Step 9: All the computer things!
Once the pics are done, I can start pulling things together online in preparation for release.  I make my personal project pages on Ravelry.  I write up the draft listing for the pattern.  I finalize the PDF.  I schedule blog posts.  I prepare the MailChimp launch newsletter.  I email the pics to myself so I can save them on my phone and share them on IG.  This time around, I’ve taken out some Ravelry ad space (look in your notebook section–I hope you catch it sometime in September)!  It feels like a never-ending computer updating session in the days leading up to the launch, and I usually end up making myself a check list to help me remember all the different links that need updating immediately after the pattern goes live.

Step 10: Brew the coffee and hope for the best!
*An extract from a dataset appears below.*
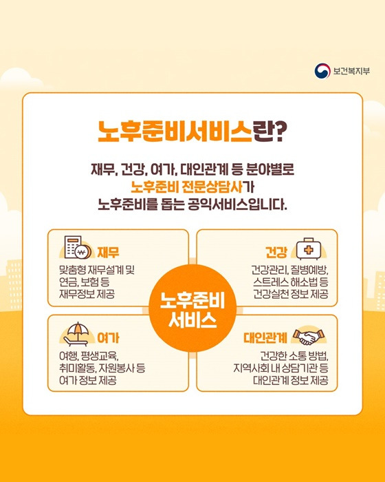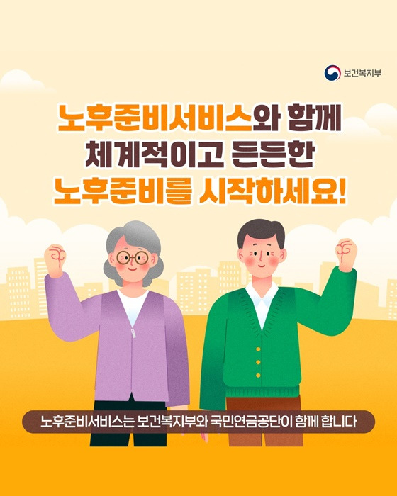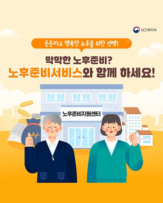 '노후준비서비스'는 이처럼 불안한 미래를 미리 대비할 수 있도록 도와주는 정부 지원 프로그램입니다.

On launch day, I get up early (5am!) to officially publish the pattern to Ravelry.  I update the newsletters with the link and send those out.  I update the blog post with the link and publish.  I sit around and sip my coffee and babysit the computer for the first several hours–making a post on Facebook, adding an announcement to a group on Ravelry, posting a pic and link to IG, and cycling back through.  Every click counts on launch day, because my goal is always to at least make the front page of Rav’s “Hot Right Now” list.  Depending on other pattern releases that day, I hope to get into the Top 5, but some days that’s tougher than others.  If a new pattern achieves Top 5 status, that’s a momentum all its own, putting the new design’s thumbnail in front of many, many more Ravelers.  It’s nerve-wracking, but terribly exciting at the same time.  So that’s a run-down of my design process from start to finish.  I hope you found it interesting!  Scarlet Ibis launches tomorrow on September 1st!  Email subscribers are going to receive a super special treat in their inboxes in the morning–I hope you’ll sign up to get in on the deal!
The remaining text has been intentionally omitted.